The writer of the book's preface admits that some of the versifications are a bit rough.

"If therefore the verses are not always so smooth and elegant as some may desire or expect; let them consider that God's altar needs not our polishing," he wrote. "We have respected rather a plain translation, than to smooth our verses with the sweetness of any paraphrases, and so have attended conscience rather than elegance, fidelity rather than poetry."

But even Cotton Mather admitted that "a little more art was to be employ'd upon it," and the second edition, published in 1647, had significant revisions.

7. This isn't the first time Old South has parted with a copy controversially.

Old South Church is considering selling one of its two copies (it's keeping the better of the two). But of the 11 copies still in existence, Old South used to own five, thanks to Rev.
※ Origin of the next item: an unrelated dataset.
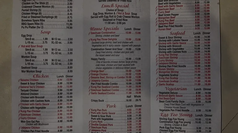 They LIE on their menu about their dishes. I recently bought dinner there for my husband and me simply because they are close. I bought food there a couple of times a year or two ago, and it was decent. Therefore I chose it again...What a mistake. First issue: I like wonton-egg drop soup. It's exactly what it says, a combination of the two. I asked the lady for it. Most places don't have it on their menu, but they're happy to make it. I understand if they charge more. So I asked, and got a simple answer: "NO". Seriously? I told her I'd pay extra. Same answer. She finally said she would sell me one wonton soup and one egg drop soup and I could mix them myself. Arguing nicely got me nowhere, so I said fine, I'd take 2 wonton soups and 1 egg drop soup. Her response! 1 wonton soup, 1 egg drop. I kept correcting her, she kept insisting that I only wanted 1 wonton! BTW, her English was just fine. When she told me dinner would cost $57 I was shocked and said NO SOUP. That solved the soup issue. On to the main courses. I ordered Beef and Broccoli for my husband. My choices were steamed rice or fried rice. I chose fried. An order of boneless spareribs. Then my order, Happy Family. I told her I wanted fried rice too. She charged me for an EXTRA fried rice! I only meant WITH my meal, not an additional one. Unfortunately, I didn't discover this until I was home. The rice has changed. It's like no Chinese fried I ever had. Dry, with no visible added ingredients. It's more like they took leftover steamed rice and browned it, then called it Fried Rice. I suppose that's legitimate, but most definitely not what I expected! I asked what came with the dinners, since the menu offered these as dinners, not as single orders of each. "Nothing". Wow. At their prices, those should have been meals, not just a container of each entree. "Dinners" should include soup, and most likely a second side dish such as an egg roll, etc. The only extra was a fortune cookie. But it was late and I was tired. I sucked it up and paid for our dinner. My Happy Family was advertised as containing crab. I asked if it was real crab, and the answer was yes. Nope! It was that awful imitation crab. I don't like it, and if she had been truthful I would have chosen something else. They should not lie about the ingredients. If there's no difference then why not use real crab? If it's supposed to be just as good as authentic crab then why do they feel the need to lie about using it? Why not be honest and say "imitation crab" on the menu? They're changing a premium price as if it is crab as well. There's a real difference in taste, texture, appearance, etc. and I don't like the imitation stuff. Luckily my dog does. They used the same slices of pork in the Happy Family as they used for boneless spareribs. They used to have REAL spareribs. Cooked in sauce and tasting just like the bone-in version. What they are using now is NOT the same cut of meat nor is it cooked the same. If I'd wanted SLICES of pork with some sauce dribbled over them I would have asked for that. So except for the Beef and Broccoli, which my husband pointed out had very little of each but a lot of sauce and other filler ingredients, NOTHING I ordered was as I expected or remembered. And the bill was a whopping $47! For 2 people. 2 Entrees and a few extra slices of pork. They even have the nerve to have a tip jar there. Tip? For what? Handing me a bag of food? Isn't that her job? Did she expect a tip for doing her job? Wow.I learned my lesson. I used to stop by occasionally just for an order of boneless spareibs. NEVER AGAIN! If you like paying premium prices for crappy food with the wrong ingredients you'll love this place. If you want to get what you ordered at a fair price look elsewhere! I would have given them ZERO stars, but it wasn't an option! I know inflation has gotten to all of us, but they've raised their prices significantly and skimped on the quality of their food. What a shame! They used to be a hole-in-the-wall little restaurant with decent food. Now?STAY AWAY!Summing it up: The food quality has diminished noticeably. They're taking shortcuts that affect the food in very noticeable ways. They lie about their ingredients. It's sad. They saved a few dollars and in exchange lost (more than) a few customers. Sad....

Thomas Prince's efforts in 1703 to create a definitive regional library.

A 1954 article in Life describes how it parted with the other three copies as "a masterpiece of thievery" and "a very proper swindle." It wasn't quite that bad. Around 1850, the church apparently traded two copies away for new bindings on its remaining copies. ("If this is the case, it is perhaps more to be deplored than that duplicates were allowed to leave the … collection," says a 1948 history.)

In 1860, the church traded a third copy for two other books (worth far less even then). Some church leaders unsuccessfully tried to get it back—as did Haraszti on the church's behalf. But to no avail. Eventually, however, the copies made their way to Yale University, the Library of Congress, and the John Carter Brown Library.